Finally, step 2-6 updates R by incorporating the nodes of R+ and R. The maintenance process needs to maintain the auxiliary data as well as the cached result R. For every node n removed from R, ResultPath(n) is removed from the auxiliary data; and for every node n added to R, ResultPath(n) is added to the auxiliary data. Computing the result paths requires some cooperation from the source query processor: the query processor should return with every node n in the answer of the query in step 2-4 its result path ResultPath′(n). This result path is a partial path of length N−i<N because the query in step 2-4 uses only steps si+1, si+2, . . . , sN of the original expression. Thus, to get the full result path ResultPath(n), the process concatenates ResultPath′(n) to the right end of a second result path of length i. This second path is the one which led from a node in the original expression context C to the first node in ResultPath′(n); it can be found by tracing the sequences Λ0, Λ1, . . . Λi through the iterations 1, 2, . . . , i. For clarity of the presentation, this secondary process of maintaining the auxiliary data is not shown in the process of FIG. 4.

The process of FIG. 4 issues several source queries; however, the processing of these queries is computationally much less expensive than the alternative of issuing the original view specification language. The reason is that these queries are much smaller regarding theirs sizes and contexts than the original view specification query. This advantage of incremental maintenance over full recomputation is illustrated by the following tests.

In the tests, the system maintains one cached object (such as an XPath query result) and processes node updates one by one. For each update, the time required for incremental maintenance is compared with the time required for the full view recomputation.

The XMARK benchmark was used to generate source documents with two data sets of different sizes: Data set 1 (325236 nodes), and Data set 2 (1281843 nodes).

The XML data source was implemented using a relational database. The node ids were generated based on the OrdPATH scheme. Each node was represented as a row of a table with the following columns {id, type, label, value, parent_id} where id is a node identifier and type is a node type (element, attribute, or value). When type is “element”, label represents the element name. When type is “attribute”, label represents the attribute name, and value represents the attribute value. When type is “value”, value represents the data value. Although an OrdPATH node id contains information about the id of the parent node, a column parent-id is used to represent the ID of the parent for performance optimization. The tests were done using an Oracle 9i database on a PC with Linux 8.0, Pentium 4 1800 MHz CPU, and 1 GB memory.

The following two XPath queries were used:

XPath Query 1:   /site/people/person [like (@id,“person2%”)]/name/text ( ) XPath Query 2:   /site/people [person [like (@id,“person1%”)]]/
    • person[like(@id, “person2%”)]/name/text( )

where “like” is a boolean predicate that corresponds to SQL's “like” operator.

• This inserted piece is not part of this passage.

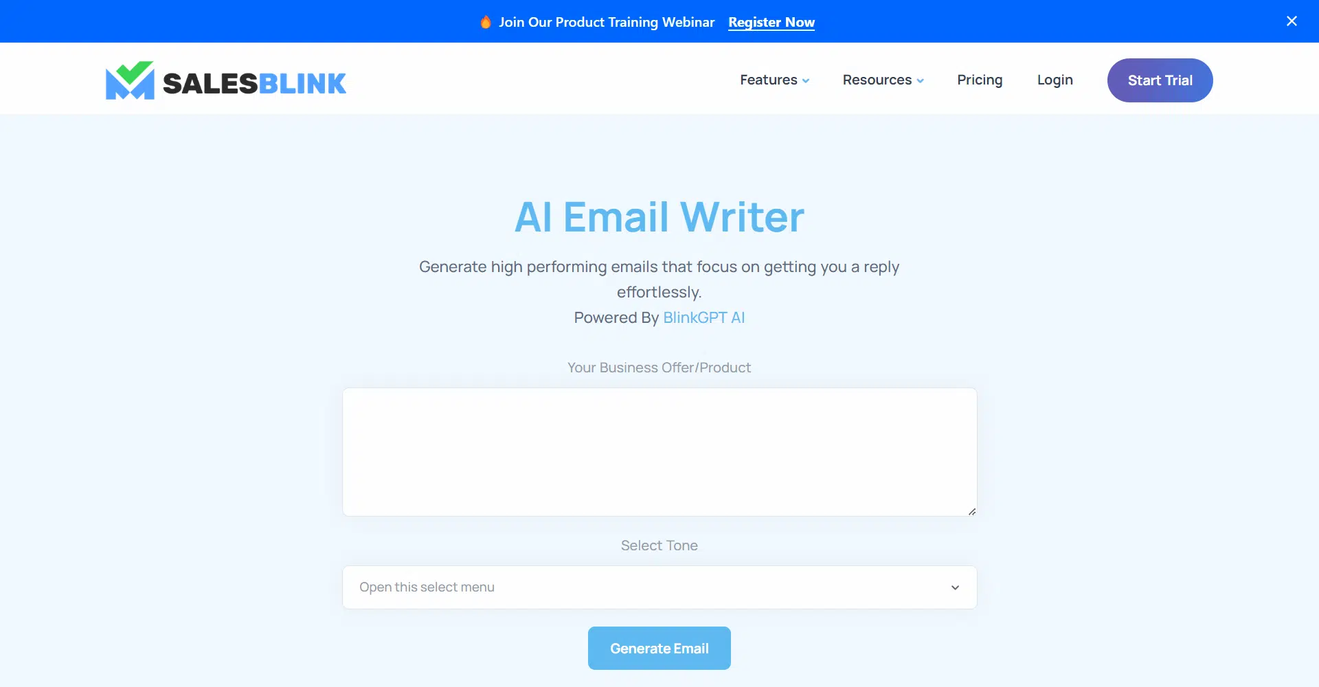 Ready to streamline your email workflow? Try SalesBlink’s AI Email Writer with a 7 day free trial. Send up to 6000 emails, manage unlimited email accounts, and explore additional features to optimize your outreach strategy. Experience firsthand how SalesBlink empowers you to connect more effectively, saving you time and maximizing your email impact. Start your free trial today and elevate your email game with SalesBlink’s AI Email Writer!
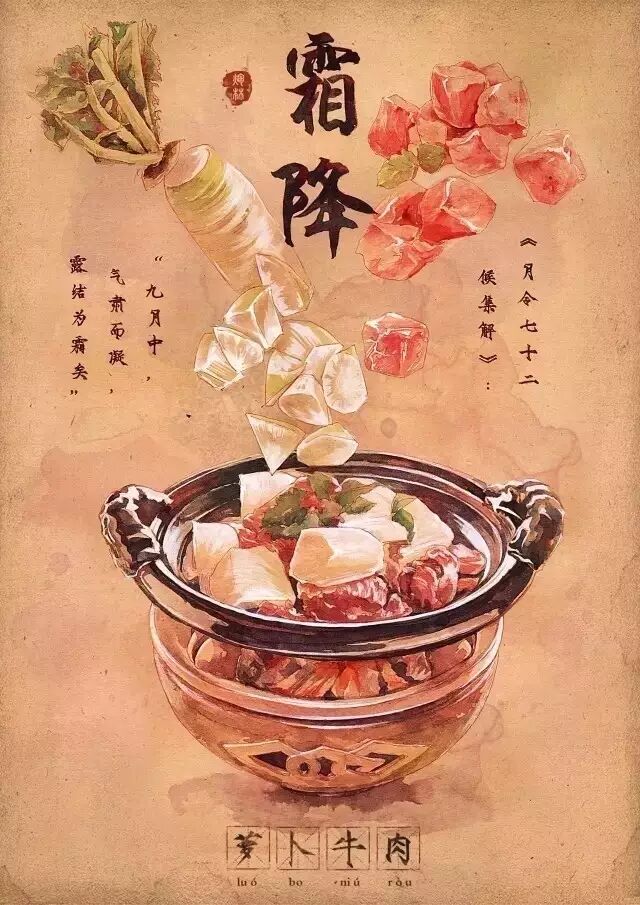 不少地方都有霜降吃牛肉的习俗。例如广西玉林,这里的居民习惯在霜降这天,早餐吃牛河炒粉,午餐或晚餐吃牛肉炒萝卜或是牛腩煲之类的来补充能量,祈求在冬天里身体暖和强健。

The XPath Query 1 is implemented as the following SQL join query:

SELECT DISTINCT f.id FROM x a, x b, x c, x d, x e, x f WHERE a.type = “element” and a.label = “site” and a.parent_id = “0” and b.type = “element” and b.label = “people” and b.parent_id = a.id and c.type = “element” and c.label = “person” and c.parent_id = b.id and d.type = “attribute” and d.label = “id” and d.value like “person2%” and d.parent_id = c.id and e.type = “element” and e.label = “name” and e.parent_id = c.id and f.type = “value” and f.parent_id = e.id;

where “x” is the name of the table that contains the source nodes. Similarly, the XPath Query 2 is also implemented as a join query. The Predicate test query for the XPath query 1 is implemented as the following SQL query:

SELECT * FROM x c, x d WHERE c.id = ? and d.type = “attribute” and d.label = “id” and d.value like “person2%” and d.parent_id = c.id;

where ‘?’ represents a context node.

For each data set and query pair, 100 source updates were randomly generated. An average of results for full query verses incremental maintenance is as follows:

Data set 1 Data set 2 Query 1 Query 2 Query 1 Query 2 Full query (msec) 1459.61 4412.2 6549.28 83066.25 Maintenance (msec) 134.13 237.01 355.3 1108.11

The results of the time comparison for all the updates are shown in FIGS. 5A, 5B, 6A and 6B. These figures show the advantage of incremental view maintenance approach. For example, for the second data set and second query, the full query takes 80 times longer to execute. The results show that the view maintenance process scales well with both data size and query complexity: the improvement for the smaller data set, less complex query pair (Data set 1, Query 1) is 10X while for the larger data set, more complex query pair (Data set 2, Query 2) the improvement is boosted 80X. The figures show that some updates have taken almost no time to be maintained while other updates have taken a relatively significant time. This is because the former class of updates either do not affect the view result or they cause only deletions at the view results; recall that deletions are processed using the auxiliary data without any source queries. The latter class of updates causes additions at the view and requires more processing time because it requires querying the source.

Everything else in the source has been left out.